### WHAT IS BEING ASKED
Please reproduce the entries exactly, skipping each picture.

---- GIVEN DATA

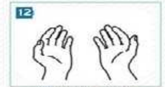
12 Ellerimiz artık tertemiz...
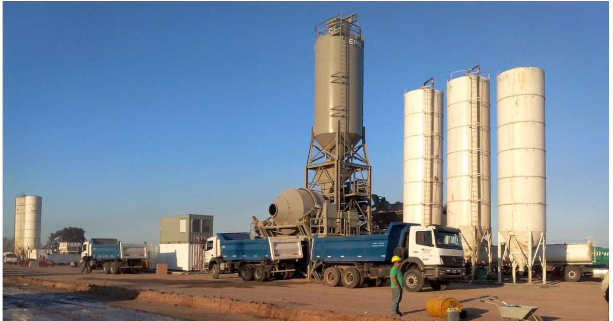
Imagen N° 10: Planta elaboradora de Hormigón.

En la imagen N° 10, 11 y 12 se puede observar parte del procedimiento antes mencionado.
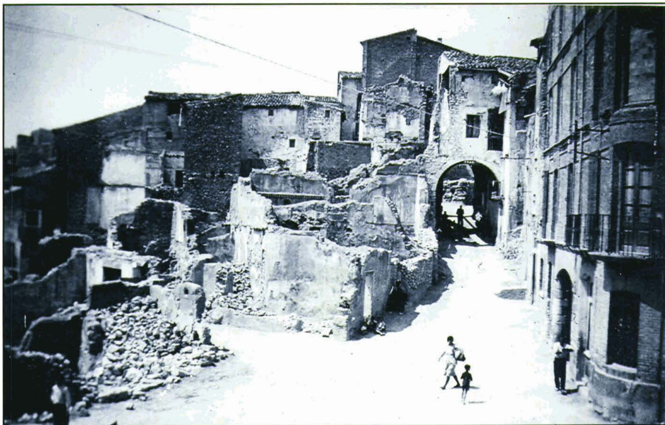
Cases caigudes a la Plaça del Pinell de Brai
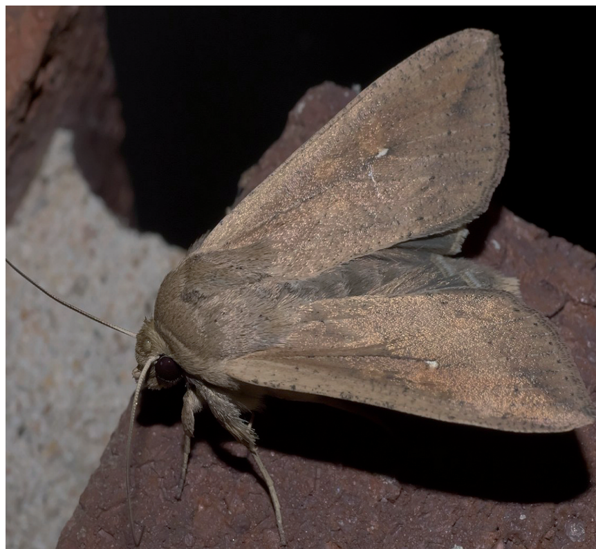
MYTHIMNA UNIPUNCTA ARRAREN TXIMELETA

Heldua: helduek 3-3,5 zm-ko luzera izaten dute eta hegoak nabar kaoba kolorekoak ditu. Hegoaren erdian puntu txuri nabarmena dute Errunaldian 700 arrautza zurixka jartzen ditu, 10-40 arrautzako ilaretan. Beldarra: 3-3,5 cm-ko luzera dute. Kolore aldakorra dute elikaduraren arabera. Halere, nabarmenena, hiru marra dortsal dira. Marrak zurixkak
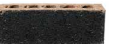
Espresso by Austral, Industry range 169862
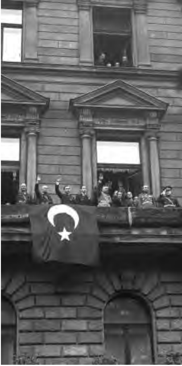
Berlin'deki Türk Büyükelçiliği Balkonu Ekim 1933
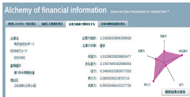
図3: 企業力指数の解析結果

企業力指数をはじめ収益力、支払能力、活力、持久力、成長力の計算ができる。それらを計算するために必要な売上高や流動資産などの値を、APIを利用することで取得している。また、それらの計算結果はレーダーチャート表示にすることもでき、図3のように視覚的に企業の状態を把握することができる。
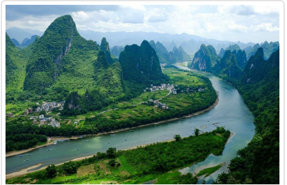
相公山 俯瞰瀘江第一灣
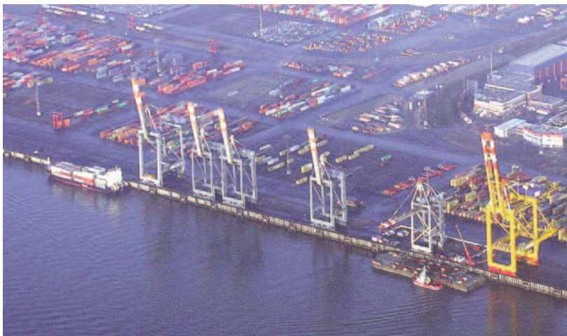
Nichts läuft mehr in Bremerhaven

Es ist also gar nicht so unwahrscheinlich, dass im Jahre 2012 die Umschlagbrücken auf dem fertigen JWP auf sich warten lassen. Vielleicht ist die aus Galgenhumor geborene Idee von der einzigen temperierten Badelagune an der Nordsee ein gar nicht mal so abwegiger Notausgang auf dem Weg zur "Boomtown Wilhelmshaven"? □
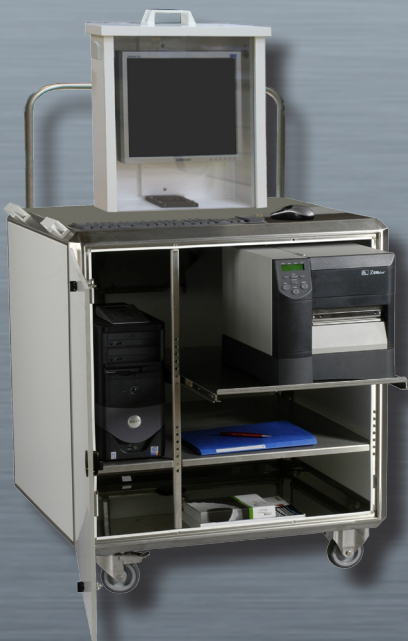
MOBINOX mit Option LCD SCHUTZGRAD IP 65 und Option TAV L 24
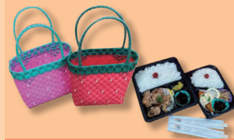
就労継続支援B型事業所 Radiant

アップルパイ/ スイートポテトパイ/チョコパイ/もちパイ/ マロンパイ/チーズケーキパイ
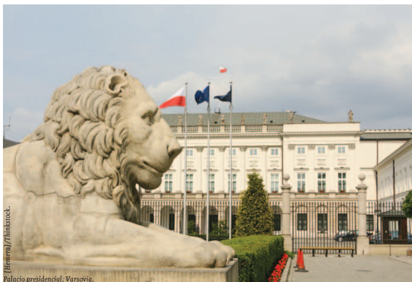
Palacio presidencial, Varsovia.

En el último lustro (excepto en 2008), la balanza comercial hispano-polaca ha sido deficitaria para España arrojando un saldo negativo de 260 millones de euros en 2010 y esto a pesar de la tendencia en general positiva registrada por las exportaciones españolas hacia Polonia, las cuales han verificado un crecimiento interanual algo superior al 13% en dicho período de referencia alcanzando los 2.784 millones de euros el año pasado. Los principales capítulos exportados por España a Polonia durante 2010 fueron vehículos automóviles (16,76% del total), frutas y frutos sin conservar (9,75%), máquinas y aparatos mecánicos (8,25%) y aparatos y material eléctricos (6,34%). Mientras, entre las mercancías importa-
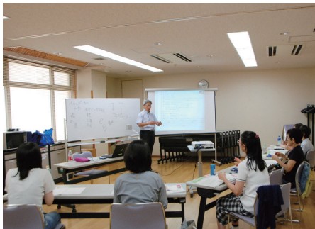
◀手話講習会の様子
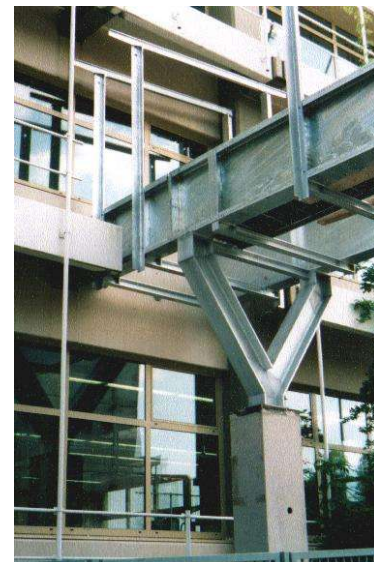
Verbindungsbrücke im Bau
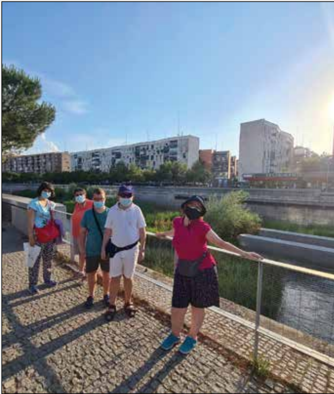
Participantes del Club de Ocio de Amifp en la actividad de Madrid Río

y cultural cerca del Río Manzanares. Si te interesa participar en el Club de Ocio de Amifp, no dudes en ponerte en contacto con nosotros.
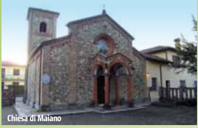
Chiesa di Maiano

Maestosi castelli di pianura e palazzi nobiliari punteggiano il territorio di Podenzano e ne testimoniano il glorioso passato. Nel capoluogo c'è Castello Anguissola , risalente al XII secolo, con pianta rettangolare e quattro torri angolari. I saloni interni, con bei soffitti a cassettoni, ospitano gli uffici comunali.
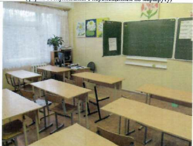
Фото №29 – Зона целевого назначения здания (кабинетная форма обслуживания)
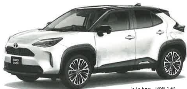
ヤリスクロス HYBRID 2.0HD
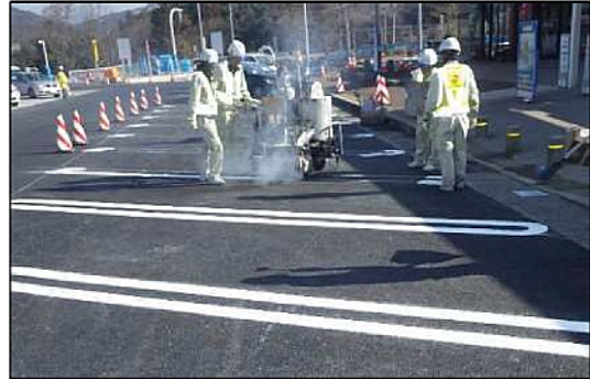
施工状況(イメージ)
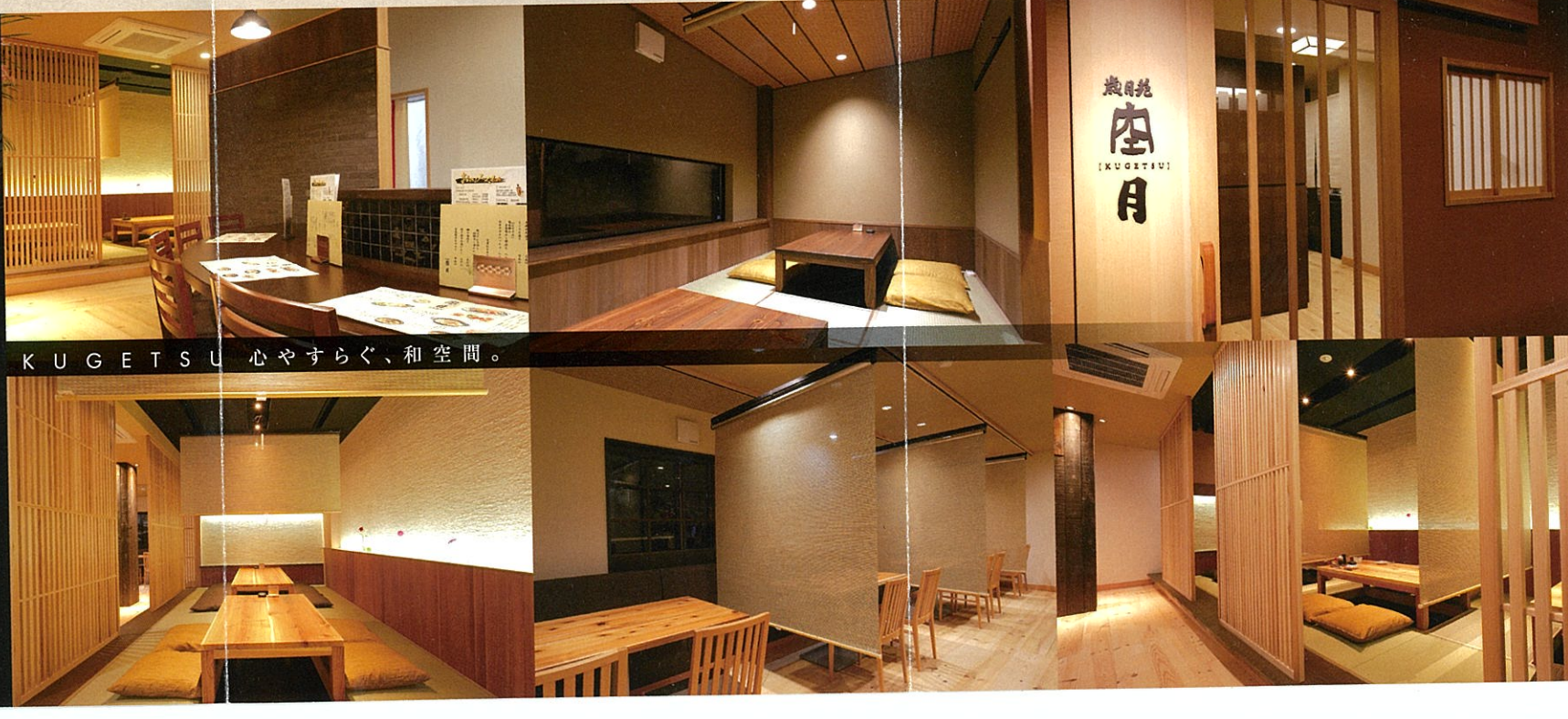
KUGETSU 心やすらぐ、和空間。

--------

### YOUR RESPONSE
12 Ellerimiz artık tertemiz...
Imagen N° 10: Planta elaboradora de Hormigón.

En la imagen N° 10, 11 y 12 se puede observar parte del procedimiento antes mencionado.
Cases caigudes a la Plaça del Pinell de Brai
MYTHIMNA UNIPUNCTA ARRAREN TXIMELETA

Heldua: helduek 3-3,5 zm-ko luzera izaten dute eta hegoak nabar kaoba kolorekoak ditu. Hegoaren erdian puntu txuri nabarmena dute Errunaldian 700 arrautza zurixka jartzen ditu, 10-40 arrautzako ilaretan. Beldarra: 3-3,5 cm-ko luzera dute. Kolore aldakorra dute elikaduraren arabera. Halere, nabarmenena, hiru marra dortsal dira. Marrak zurixkak
Espresso by Austral, Industry range 169862
Berlin'deki Türk Büyükelçiliği Balkonu Ekim 1933
図3: 企業力指数の解析結果

企業力指数をはじめ収益力、支払能力、活力、持久力、成長力の計算ができる。それらを計算するために必要な売上高や流動資産などの値を、APIを利用することで取得している。また、それらの計算結果はレーダーチャート表示にすることもでき、図3のように視覚的に企業の状態を把握することができる。
相公山 俯瞰瀘江第一灣
Nichts läuft mehr in Bremerhaven

Es ist also gar nicht so unwahrscheinlich, dass im Jahre 2012 die Umschlagbrücken auf dem fertigen JWP auf sich warten lassen. Vielleicht ist die aus Galgenhumor geborene Idee von der einzigen temperierten Badelagune an der Nordsee ein gar nicht mal so abwegiger Notausgang auf dem Weg zur "Boomtown Wilhelmshaven"? □
MOBINOX mit Option LCD SCHUTZGRAD IP 65 und Option TAV L 24
就労継続支援B型事業所 Radiant

アップルパイ/ スイートポテトパイ/チョコパイ/もちパイ/ マロンパイ/チーズケーキパイ
Palacio presidencial, Varsovia.

En el último lustro (excepto en 2008), la balanza comercial hispano-polaca ha sido deficitaria para España arrojando un saldo negativo de 260 millones de euros en 2010 y esto a pesar de la tendencia en general positiva registrada por las exportaciones españolas hacia Polonia, las cuales han verificado un crecimiento interanual algo superior al 13% en dicho período de referencia alcanzando los 2.784 millones de euros el año pasado. Los principales capítulos exportados por España a Polonia durante 2010 fueron vehículos automóviles (16,76% del total), frutas y frutos sin conservar (9,75%), máquinas y aparatos mecánicos (8,25%) y aparatos y material eléctricos (6,34%). Mientras, entre las mercancías importa-
◀手話講習会の様子
Verbindungsbrücke im Bau
Participantes del Club de Ocio de Amifp en la actividad de Madrid Río

y cultural cerca del Río Manzanares. Si te interesa participar en el Club de Ocio de Amifp, no dudes en ponerte en contacto con nosotros.
Chiesa di Maiano

Maestosi castelli di pianura e palazzi nobiliari punteggiano il territorio di Podenzano e ne testimoniano il glorioso passato. Nel capoluogo c'è Castello Anguissola , risalente al XII secolo, con pianta rettangolare e quattro torri angolari. I saloni interni, con bei soffitti a cassettoni, ospitano gli uffici comunali.
Фото №29 – Зона целевого назначения здания (кабинетная форма обслуживания)
ヤリスクロス HYBRID 2.0HD
施工状況(イメージ)
KUGETSU 心やすらぐ、和空間。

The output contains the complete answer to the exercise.